In the 13 years since he joined Niagara Cerebral Palsy, Reardon said, “We’ve expanded our services in a number of areas, for example our clinics – where people can receive dental care, for instance, so they might only visit a couple of times a year. We’ve added our Geri Rose Garden Apartment Complex (built in 2003) with 11 apartments on our grounds – we’re the landlord of these apartments; and we have day services – an area that certainly continues to grow.”

Services were limited to the care and treatment of children when Niagara Cerebral Palsy opened in 1954 with one employee in one location. It began offering therapeutic services to children with cerebral palsy in response to a strong community need, as therapeutic options were limited to Children’s Hospital in Buffalo.

In the 1960s, Niagara Cerebral Palsy’s vocational division began providing evaluation, training, supported employment, adult education, recreation, day habilitation and other services for adults with disabilities.

Its residential division, started in 1986, operates several intermediate care facilities, supportive apartments and individual residential alternatives throughout Niagara County. Depending on the facility, residents may participate in active treatment programs, including therapy, or may receive services geared toward independent living.

A multi-purpose facility opened in 1991, housing the Niagara Children Education and Treatment Center and administrative offices. Children receive preschool education, clinical services, early intervention and/or home-based therapy. The agency serves both disabled and non-disabled children ranging from birth to five years old. The agency also operates dental, podiatry, audiology, therapy and wheelchair clinics there.

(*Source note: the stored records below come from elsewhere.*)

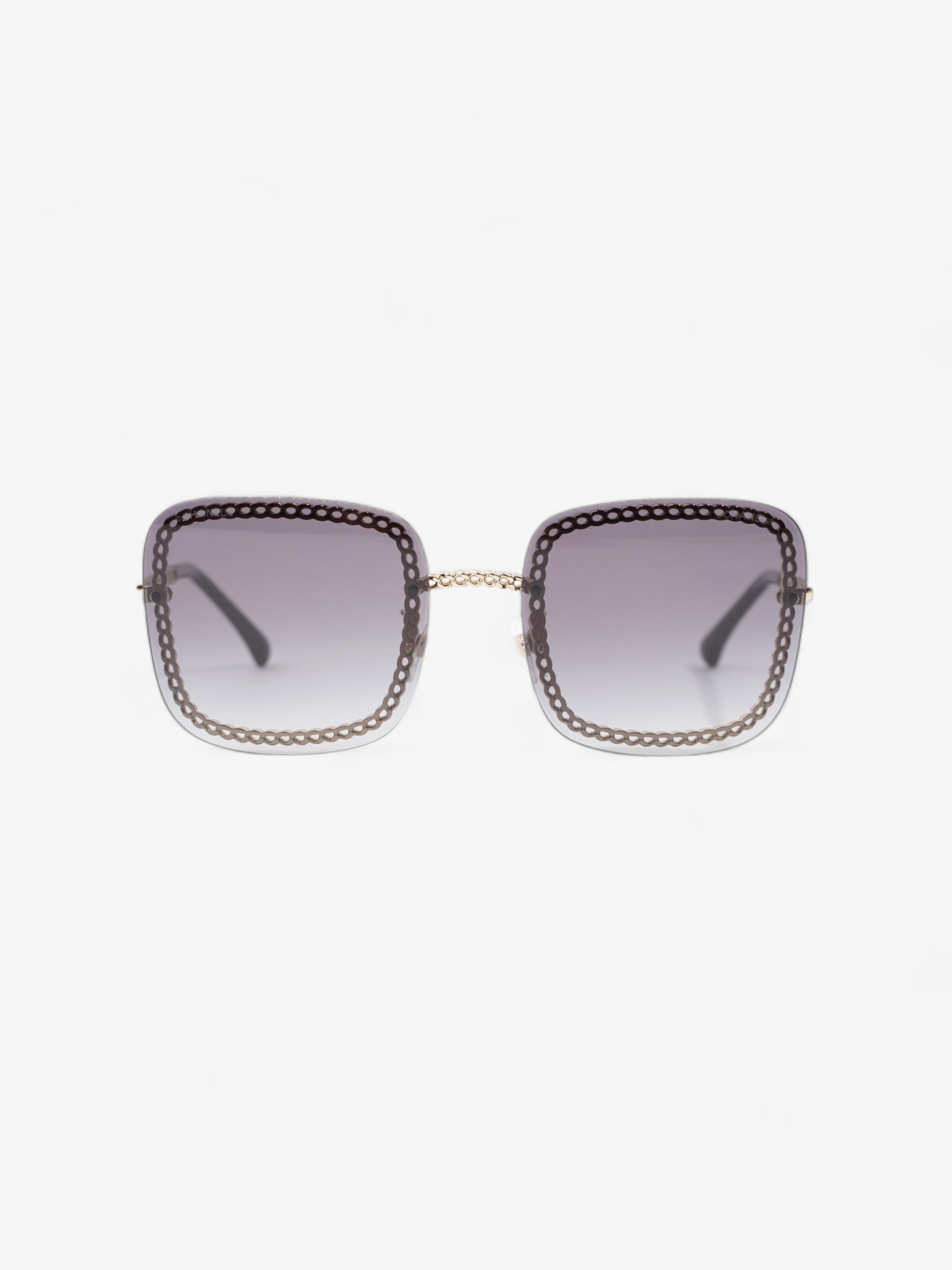 Chanel Chain Detailed Sunglasses with Double Chain Black / Gold Acetate 140mm
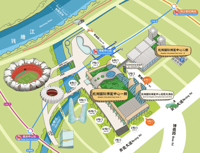 自驾的朋友们可以导航至“杭州国际博览中心”,从3号门进入地下停车场。乘坐网约车的朋友可以从2号门进入。
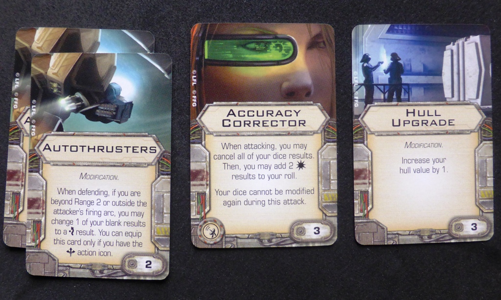 Accuracy Corrector – if Autothrusters are amazing, Accuracy Corrector is a System Upgrade without a place, at the moment. For one, the few ships currently able to take System Upgrades all have plenty of attack dice, making two guaranteed hits less exciting. For another, System Upgrades, rare as they are, include some amazing cards. The Accuracy Corrector is also rather expensive.
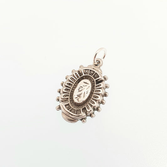 RESERVED/SOLD DON Antique Victorian Solid Silver Pendant Charm Necklace Etruscan Beaded Engraved Sweetheart Genuine 1800s
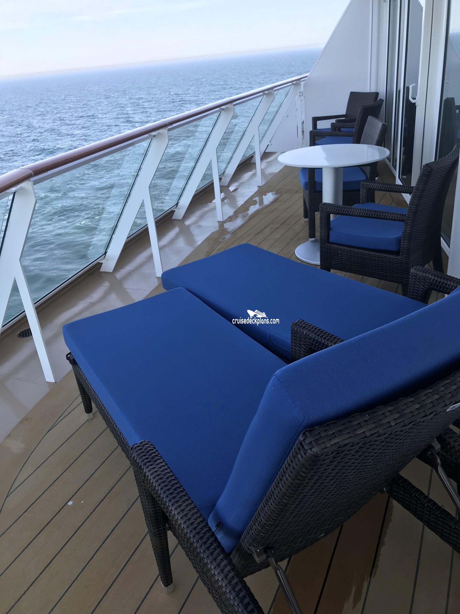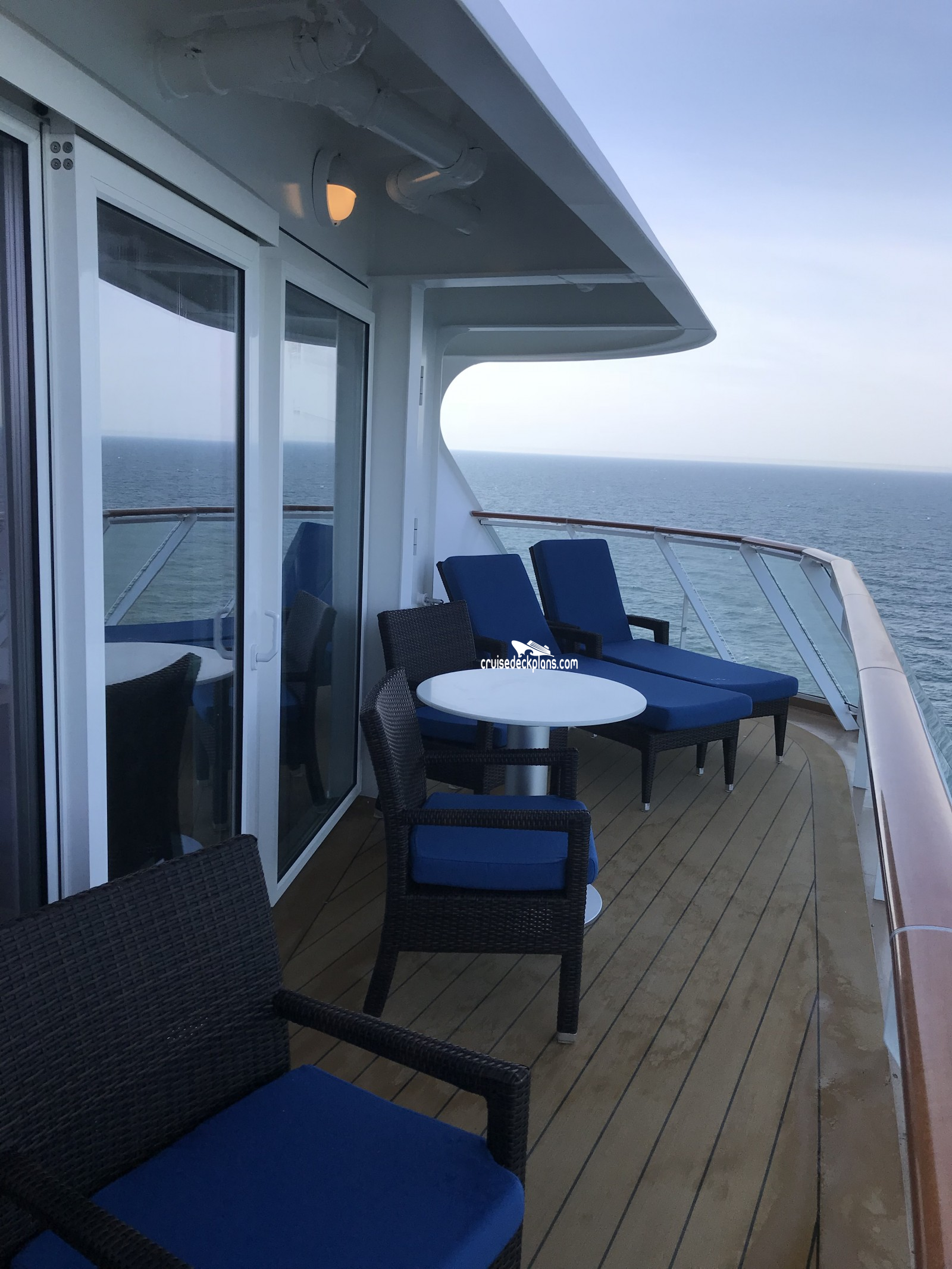 - Category H7 forward suites have porthole window in bedroom overlooking bow of ship and small side balcony
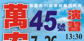 嘉義市萬安45號演習本月26日舉行 籲請市民配合管制疏散
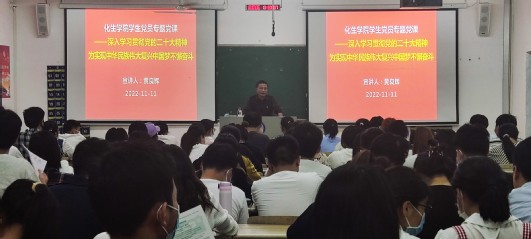 黄良辉以《深入学习贯彻党的二十大精神,为实现中华民族伟大复兴中国梦不懈奋斗》为题,向同学们作了精彩宣讲。他重点阐述了党的二十大的主题及重大意义,对党的二十大报告主要精神、习近平总书记在党的二十大期间的重要讲话精神、党的二十大通过的《中国共产党章程(修正案)》作了详细解读。他强调指出,学习宣传贯彻党的二十大精神是当前和今后一个时期全党全国的首要政治任务。作为青年学生党员尤其要深入学习领会党的二十大精神,深刻领会党的二十大的主题,深刻领会过去5年的工作和新时代10年的伟大变革,深刻领会开辟马克思主义中国化时代化新境界,深刻领会新时代新征程中国共产党的使命任务,深刻领会中国式现代化的中国特色和本质要求,深刻领会党的二十大各项重大部署,把思想和行动统一到党的二十大精神上来,深刻领悟“两个确立”的决定性意义,增强“四个意识”、坚定“四个自信”、做到“两个维护”,坚定不移在思想上政治上行动上同以习近平同志为核心的党中央保持高度一致,以实际行动践行对党忠诚。他勉励学生党员要进一步坚定理想信念,坚定不移听党话跟党走,锤炼意志品质,勇于担当使命,努力奋发进取,练就过硬本领,矢志艰苦奋斗,为全面建设社会主义现代化国家、实现中华民族伟大复兴的中国梦贡献自己的青春力量。
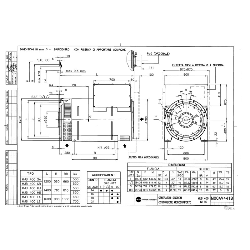 CARATTERISTICHE TECNICHE DEL ALTERNATORE 1150KVA TRIFASE MJB 400LA4

Offices and programs are located throughout the Town of Niagara, Lockport, Wheatfield and Niagara Falls.

“We have 350 employees at 25 sites throughout Niagara County,” Reardon said. “And I am truly proud of our workforce. They are extremely dedicated and compassionate. This is very tough work and they are excellent.” He said the organization also strives to offer support to the families of its clients.

“We offer as much support as they need,” he said. “Family involvement is critical to our success and so we try and involve the family as much as we can.”

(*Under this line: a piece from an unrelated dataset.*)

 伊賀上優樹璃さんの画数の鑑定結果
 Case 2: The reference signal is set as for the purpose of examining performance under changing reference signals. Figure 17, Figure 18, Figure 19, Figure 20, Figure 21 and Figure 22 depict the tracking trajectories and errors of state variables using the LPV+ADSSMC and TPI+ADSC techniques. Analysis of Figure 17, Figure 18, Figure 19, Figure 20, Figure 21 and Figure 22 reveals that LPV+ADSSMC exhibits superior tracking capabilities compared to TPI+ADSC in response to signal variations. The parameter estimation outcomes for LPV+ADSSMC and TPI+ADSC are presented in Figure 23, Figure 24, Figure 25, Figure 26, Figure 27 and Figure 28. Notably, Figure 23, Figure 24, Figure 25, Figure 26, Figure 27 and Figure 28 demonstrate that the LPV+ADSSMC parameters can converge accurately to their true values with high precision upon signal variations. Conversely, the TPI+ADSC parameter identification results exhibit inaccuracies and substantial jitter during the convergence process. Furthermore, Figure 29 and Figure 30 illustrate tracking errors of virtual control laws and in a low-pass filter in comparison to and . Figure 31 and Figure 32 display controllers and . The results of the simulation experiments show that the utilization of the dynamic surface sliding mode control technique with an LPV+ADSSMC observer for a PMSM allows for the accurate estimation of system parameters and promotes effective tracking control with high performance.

Reardon said fundraisers such as the one later this month are “huge.”

“Like all agencies that offer services like we do across New York State, we are challenged by reduced funding,” he said. “We rely on Medicaid for many of our services. So we all need to be creative and innovative in maximizing the funds we receive. Our fundraisers help bridge that gap between what is provided through Medicaid and what we need to maintain our high quality of services.”

Other events planned for this anniversary year include: the Matthew J. Murphy on the Tee Fore NCP Golf Tournament on June 13 to benefit the agency’s adult development program; a Niagara Cerebral Palsy-Sertoma sponsored chicken barbecue in August; and a fashion show in November.

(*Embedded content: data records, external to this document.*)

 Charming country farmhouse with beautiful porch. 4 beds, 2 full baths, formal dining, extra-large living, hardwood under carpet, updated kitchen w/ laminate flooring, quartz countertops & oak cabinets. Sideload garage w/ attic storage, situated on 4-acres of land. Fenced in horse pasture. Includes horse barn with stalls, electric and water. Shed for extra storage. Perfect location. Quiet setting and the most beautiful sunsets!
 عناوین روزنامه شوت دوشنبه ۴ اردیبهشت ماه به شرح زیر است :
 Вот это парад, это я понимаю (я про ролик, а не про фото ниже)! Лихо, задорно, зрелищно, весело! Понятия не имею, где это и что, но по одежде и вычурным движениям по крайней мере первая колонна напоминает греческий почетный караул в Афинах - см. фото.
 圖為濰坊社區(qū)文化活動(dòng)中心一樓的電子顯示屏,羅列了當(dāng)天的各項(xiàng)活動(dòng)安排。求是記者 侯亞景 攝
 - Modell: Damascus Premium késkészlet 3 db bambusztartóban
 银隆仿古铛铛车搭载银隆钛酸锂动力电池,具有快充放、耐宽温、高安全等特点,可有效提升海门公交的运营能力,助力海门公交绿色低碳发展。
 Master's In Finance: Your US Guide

The organization also has a television show, “NCP Beyond Barriers,” on LCTV, Channel 20, which highlights the organization’s work, building awareness and advocacy for children and adults with developmental disabilities.

The agency is licensed by the state Office of People with Developmental Disabilities and the state Education Department. It was nominated this year as one of The Buffalo News’ “Top Workplaces.” It also earned “provider of choice” distinction with several area health organizations, including Mount St. Mary’s Hospital and First Choice Health.